2079 3. Enter the username and password.
2080 By default the credentials are *admin/admin*.
2082 4. Select any model to try out.
2084 5. Select any available request to try out.
2086 6. Click on the **Try it out** button.
2088 7. Provide any required parameters or edit request body.
2090 8. Click the **Execute** button.
2092 9. You can see responses to the given request.
2095 OpenAPI Explorer can also be used for connected device. How to connect a device can be found :ref:`here <netconf-connector>`.

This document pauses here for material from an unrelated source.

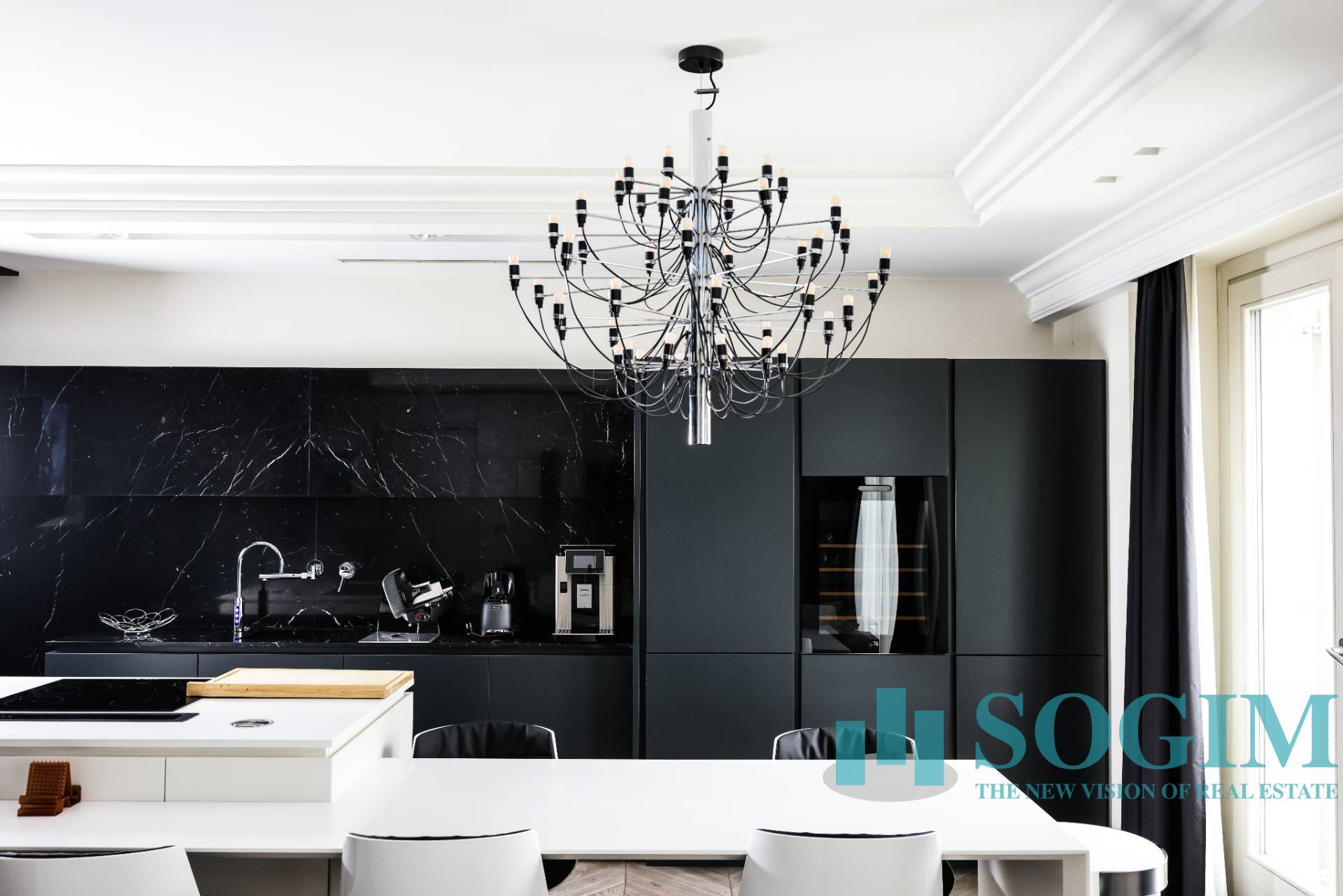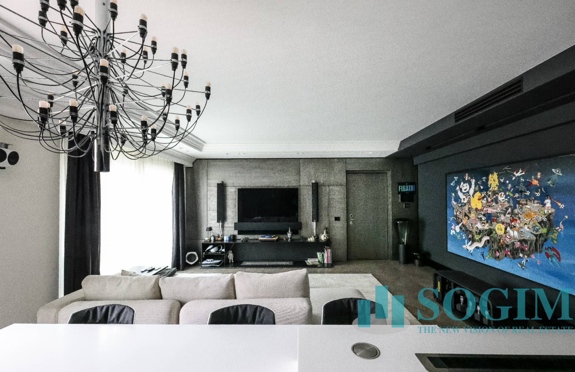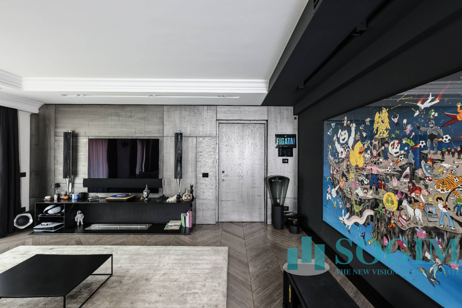 Parlando dei rivestimenti, l'appartamento stato completato con esclusive finiture come parquet a lisca di pesce e marmo di Carrara bianco e nero nei bagni, dove troviamo spazioso piatto doccia e sanitari sospesi Antonio Lupi. La soluzione interamente illuminata da un ricercato impianto con lampadari Flos, camera da letto con arredi di design Poliform come anche la seconda camera attualmente utilizzata come cabina armadio.

2097 OpenAPI URLs in that case would look like this:
2099 - `http://localhost:8181/openapi/explorer/index.html?urls.primaryName=17830-sim-device resources - RestConf RFC 8040 <http://localhost:8181/openapi/explorer/index.html?urls.primaryName=17830-sim-device%20resources%20-%20RestConf%20RFC%208040>`_ for device overview
2101 - http://localhost:8181/openapi/api/v3/mounts/1 for JSON data
2103 - `http://localhost:8181/openapi/api/v3/mounts/1/toaster(2009-11-20) <http://localhost:8181/openapi/api/v3/mounts/1/toaster(2009-11-20)>`__ JSON data for given model
2107 The URL links for OpenAPI are made for device with name *17830-sim-device* and model toaster
2108 with *2009-11-20* revision and need to be changed accordingly to connected device.